Mine _are_ the best, it just depends on your oven how long are you gonna bake, for me it's around 10 minutes.


----------



## popsprocket (Jun 14, 2014)

Baking snob here, I made jam drops.


----------



## Ariel (Jun 14, 2014)

I had some of those this guy made once.  The filling was raspberry-jalepeño.  They were amazing.  The same guy also once made an apple-garlic tart that was phenomenal.  He was a friend of my ex and was a trained chef.


----------



## Nippon Devil (Jun 16, 2014)

Nippon Devil Calzones: because transporting pizza to your friend's hangout once a week is too messy.

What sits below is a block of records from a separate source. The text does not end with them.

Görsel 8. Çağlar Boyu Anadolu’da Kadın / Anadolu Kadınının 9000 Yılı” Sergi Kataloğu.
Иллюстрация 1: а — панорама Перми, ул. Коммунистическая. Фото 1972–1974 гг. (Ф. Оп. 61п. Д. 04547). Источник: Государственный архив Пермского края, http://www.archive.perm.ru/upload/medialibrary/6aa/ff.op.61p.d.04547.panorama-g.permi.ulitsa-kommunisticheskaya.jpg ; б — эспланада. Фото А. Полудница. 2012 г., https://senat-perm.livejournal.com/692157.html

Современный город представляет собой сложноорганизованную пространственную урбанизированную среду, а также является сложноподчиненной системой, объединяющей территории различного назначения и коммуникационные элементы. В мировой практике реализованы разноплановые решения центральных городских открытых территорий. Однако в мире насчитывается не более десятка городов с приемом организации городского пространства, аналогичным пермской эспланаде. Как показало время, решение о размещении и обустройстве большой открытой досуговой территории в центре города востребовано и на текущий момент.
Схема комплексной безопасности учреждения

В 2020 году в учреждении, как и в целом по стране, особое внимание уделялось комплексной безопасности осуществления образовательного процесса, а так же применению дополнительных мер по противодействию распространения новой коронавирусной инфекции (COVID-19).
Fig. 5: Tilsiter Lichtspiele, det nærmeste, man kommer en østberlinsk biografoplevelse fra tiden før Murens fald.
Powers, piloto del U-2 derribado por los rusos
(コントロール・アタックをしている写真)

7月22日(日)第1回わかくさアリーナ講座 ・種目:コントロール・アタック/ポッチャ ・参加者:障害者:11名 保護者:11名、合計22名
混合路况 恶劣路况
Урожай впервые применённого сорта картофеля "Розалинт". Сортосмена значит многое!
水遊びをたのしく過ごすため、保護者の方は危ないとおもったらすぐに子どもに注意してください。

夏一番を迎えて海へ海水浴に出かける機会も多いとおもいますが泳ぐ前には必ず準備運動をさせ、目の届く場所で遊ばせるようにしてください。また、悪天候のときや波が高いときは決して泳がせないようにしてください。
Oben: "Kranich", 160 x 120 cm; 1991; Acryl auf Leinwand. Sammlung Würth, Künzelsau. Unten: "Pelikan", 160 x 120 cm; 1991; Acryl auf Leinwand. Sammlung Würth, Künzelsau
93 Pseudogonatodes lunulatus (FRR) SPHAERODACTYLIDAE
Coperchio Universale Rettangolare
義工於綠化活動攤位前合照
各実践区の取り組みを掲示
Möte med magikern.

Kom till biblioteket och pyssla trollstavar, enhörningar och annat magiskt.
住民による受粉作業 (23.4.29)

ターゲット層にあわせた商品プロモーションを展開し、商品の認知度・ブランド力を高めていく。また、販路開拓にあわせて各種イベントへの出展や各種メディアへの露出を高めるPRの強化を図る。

I don't work with specifics, i like to be creative and experiment with quantities every time. so this recipe may seem a tad sloppy:

Dough: Pizza Dough works great. I don't make my own, I buy it pre made because it's easier and less expensive. Not sure how your situation is.

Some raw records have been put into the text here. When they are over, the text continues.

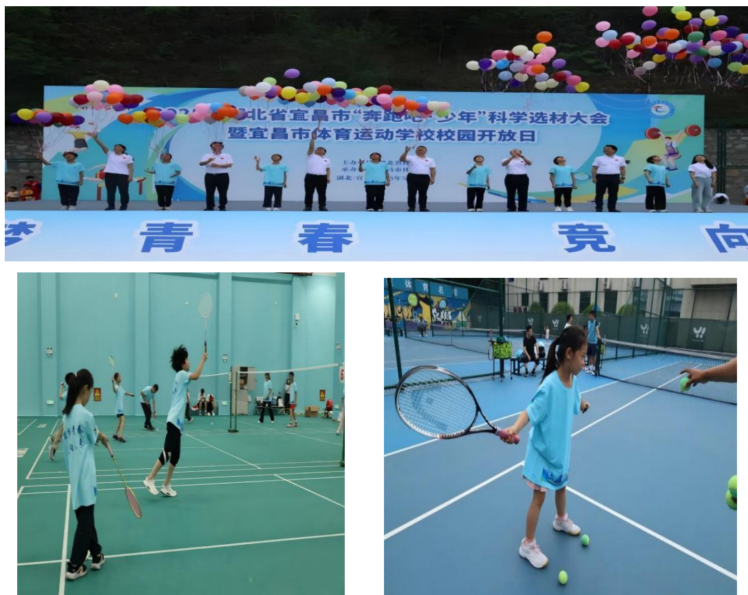
图 2-8 2025 年校园开放日照片
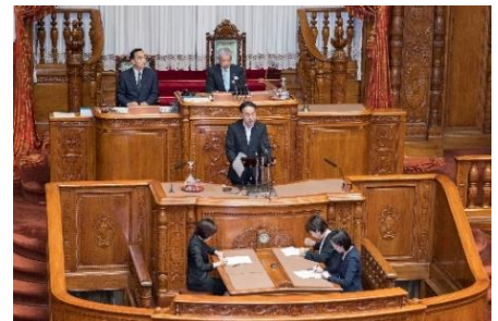
6月29日 参議院本会議で厚生労働委員会の審議経過を報告

会期終盤、続いて参院選挙制度改革に関する「改正公職選挙法」、統合型リゾート (IR) を整備するための「特定複合観光施設区域整備法 (IR実施法)」といった重要法案が続々成立しました。
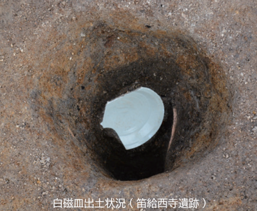
白磁皿出土状況（笛給西寺遺跡）
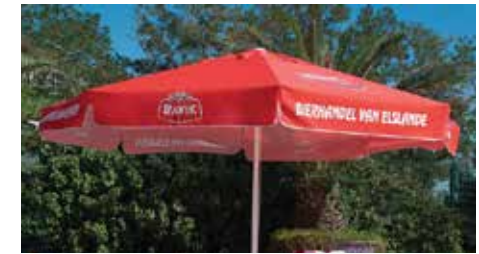
Parasol Mega rond Ø 300 cm
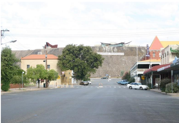
รูปที่ 5 บริเวณเหมืองแร่ตะกั่ว-สังกะสี ที่ Broken Hill ประเทศออสเตรเลีย เริ่มทำเหมืองตั้งแต่ปี ค.ศ. 1884 และยังคงดำเนินการอยู่ (รูปถ่าย ปี ค.ศ 2006)
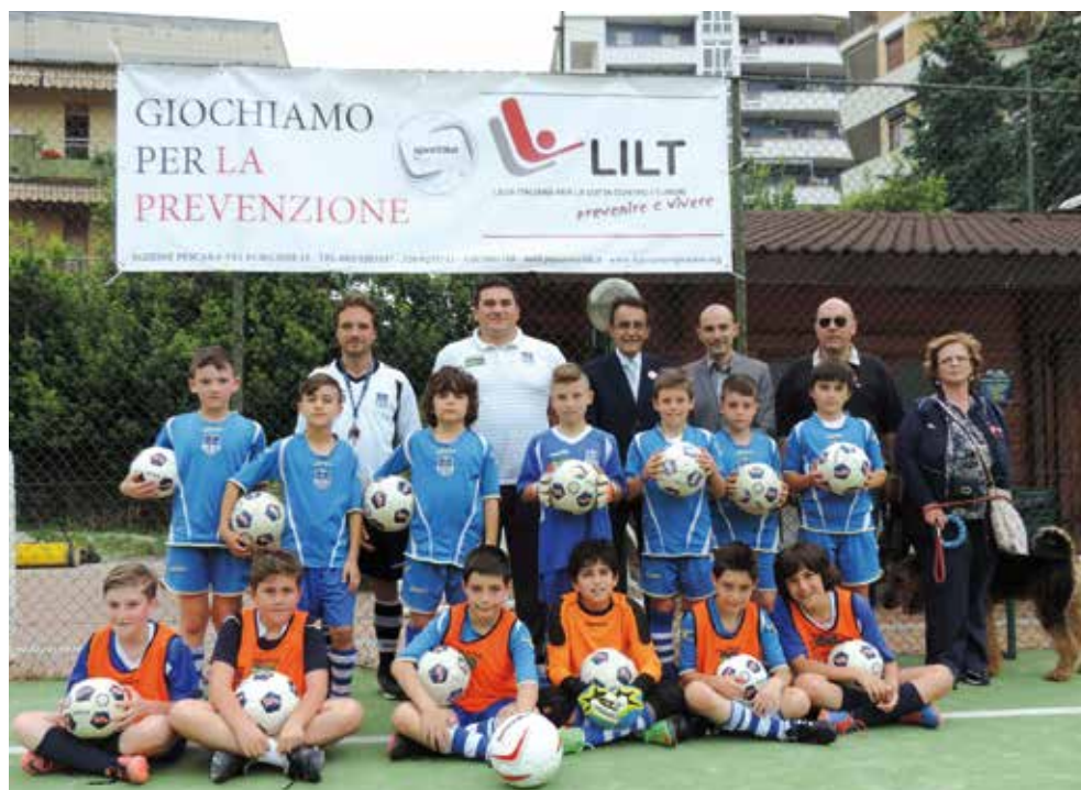
Gemellaggio NAIADI-LILT: partite di calcio con piccoli amici
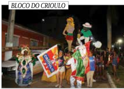
BLOCO DO CRIOULO
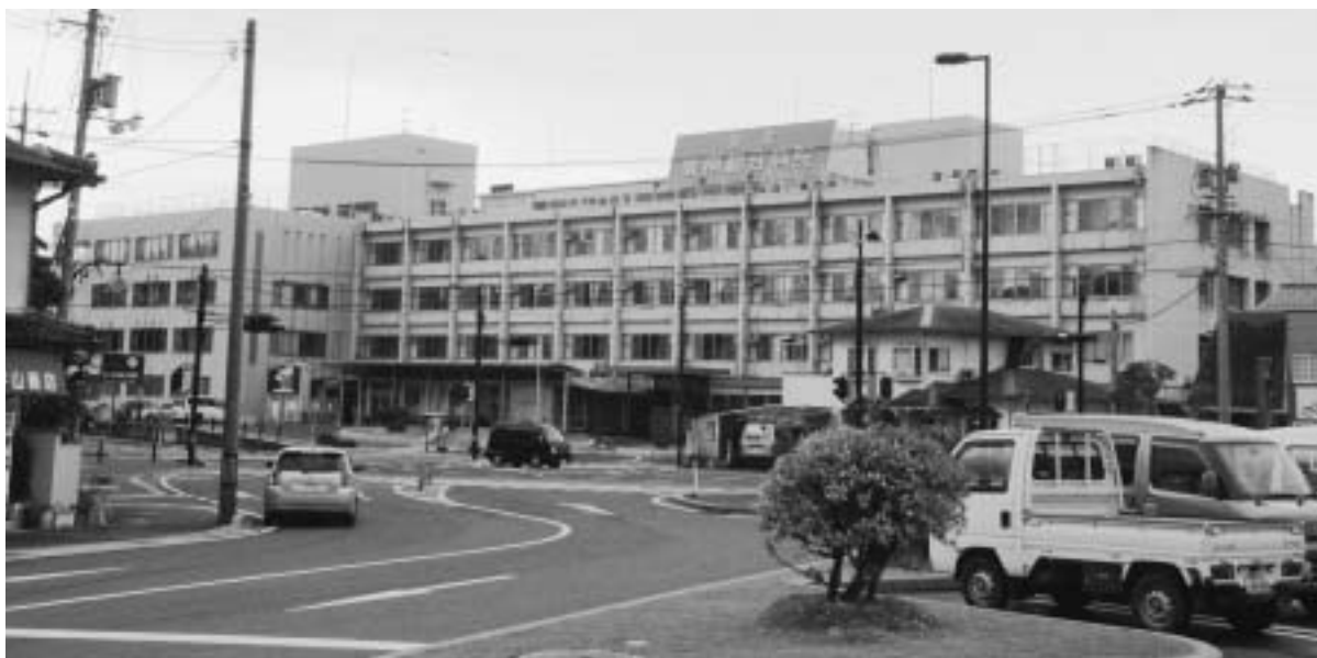
市立病院化に向けて動き出した公立雲南総合病院

雲南市議会では、公立雲南総合病院の充実強化を図ることを目的とし、平成19年1月公立雲南総合病院充実強化雲南市議員連盟を設立。地域住民の健康と命を守り、安心して生活している地域の中核病院としての充実強化にむけ取り組みとしています。
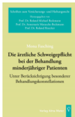
Die ärztliche Schweigepflicht bei der Behandlung minderjähriger Patienten Ladenpreis: 80,20EUR
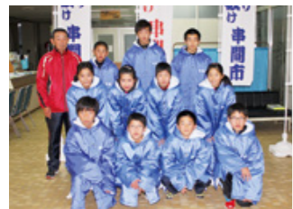
選手の皆さんお疲れ様でした

1月12日（月・祝）『第5回宮崎県市町村対抗駅伝競走大会』が宮崎市で行われました。串間市チームの結果は2時間19分32秒。市郡の部18チーム中17位と、昨年と同じ順位でしたが、チーム一丸となった懸命な走り、見事1本のタスキを最後まで繋ぎ切りました。
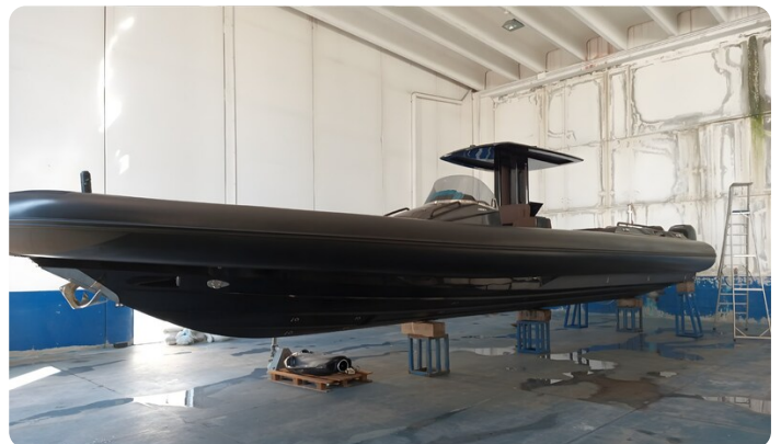
Dariel DTS port Profile
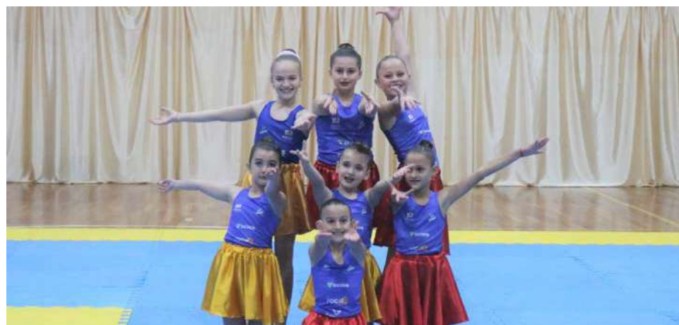
Coreografias encantaram o público
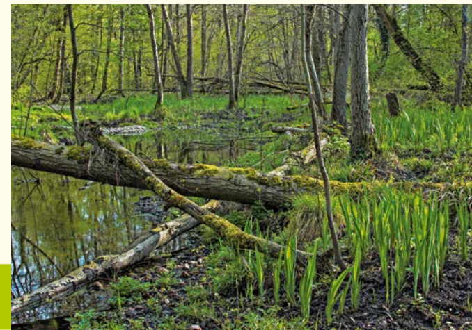
Auwald / Forêt alluviale (Kai)

La réserve naturelle du Taubergiessen offre un habitat à un très grand nombre d'espèces animales et végétales rares, vulnérables et parfois menacés d'extinction.
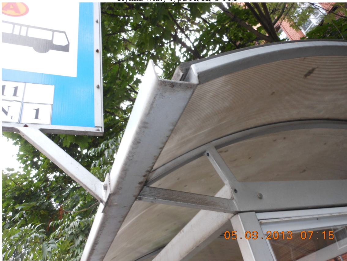
Rynna wiaty typu B

Widok z boku rynien w wiatach: Rynna wiaty typu A, K, O i M

Sausage: There are many styles that i use, buy my favorite is Northern sausage. (looks like little nuggets)

Pepperoni: Not too much! It's flavor is very powerful!

Mushrooms: Portabella mushrooms are the best. More foods should have shrooms in them.

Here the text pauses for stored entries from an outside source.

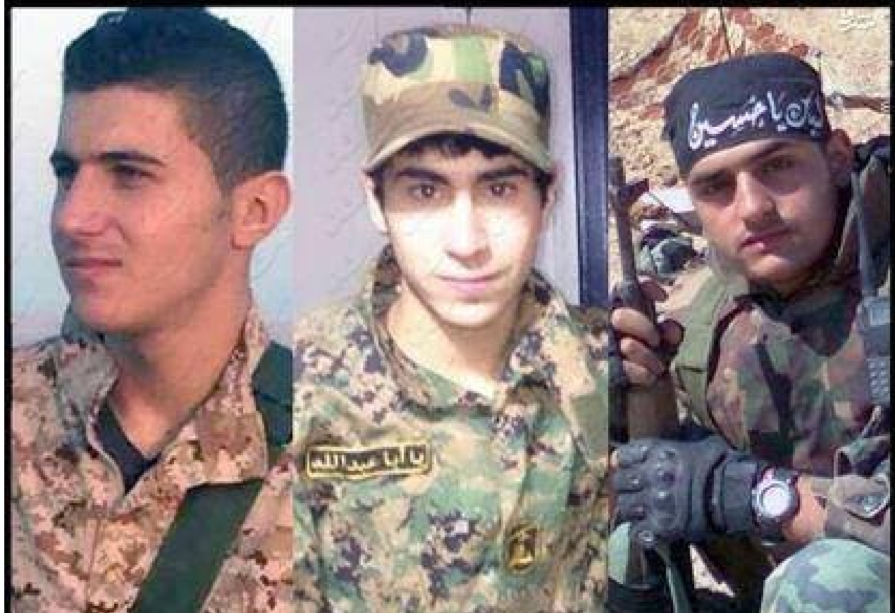
ثلاثة من كشافة المهدي التابعة لميليشات حزب الله اللبناني قتلوا في سوريا
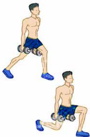
SPLIT 2 x 10 x pierna
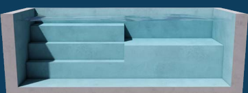
BENCH TOUTE LARGEUR 2
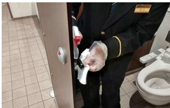
トイレドアノブの消毒
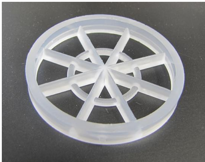
Kratka - średnica zewnętrzna 51,0-58,0 mm.
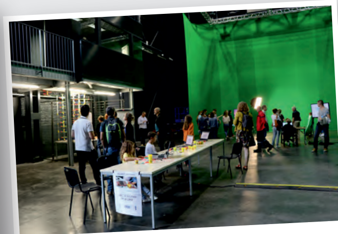
13 et 14 octobre Fête de la Science à Arenberg Creative Mine
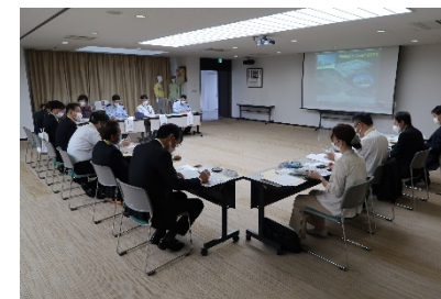
島根あさひ社会復帰促進センターにおける意見交換会の様子

9月29日に山口刑務所で、10月17日に島根あさひ社会復帰促進センターで農福連携に係る意見交換会が実施されました。
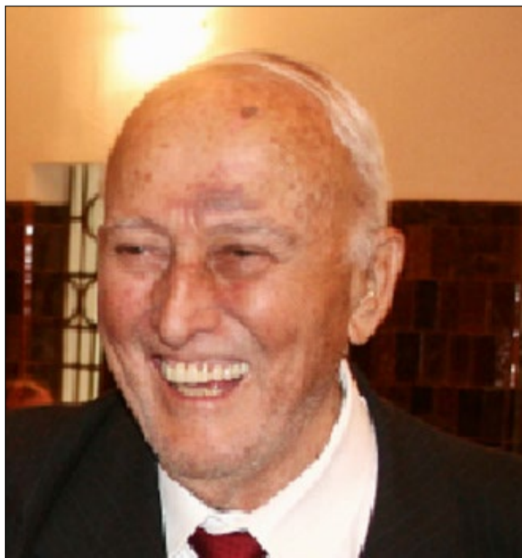
Mauro Borges: governador afastado pelo golpe de 1964

Mauro Borges, tomou posse no dia 31 de janeiro de 1961,

Bell peppers: Eat with your eyes and get a bunch of different colors! 

Onions: In moderation.

Sauce: I use pizza sauce, but tomato sauce works too! 

Cheese of choice: Mozzarella

Butter: To lube cooking surfaces.



Step 1: Pre-heat oven to really hot (375-400) and cut up what needs to be cut up. 

Step 2: Cook down the mushrooms, peppers, onions and sausage in a huge fry pan. You don't have to cook it all the way since it'll go in the oven, but the onions can make your guests particularly gassy if undercooked. 

Step 3: Roll out the dough and smear the sauce over it with a spoon or ladle. DO NOT go to the very edge, as it will make it impossible to seal your creations up. (optional: classic calzones are dipped in sauce and have none on the inside.)

Step 4: Load your creations with all that good stuff. If you're me, it's mostly shrooms. then pinch and fold the edges. Stab the very top of your creation with a fork  a few times to vent it.

Step 5: Put those bad boys on a lubricated cooking pan. Your oven should be up to temperature, or not if you're an awesome ninja chef. 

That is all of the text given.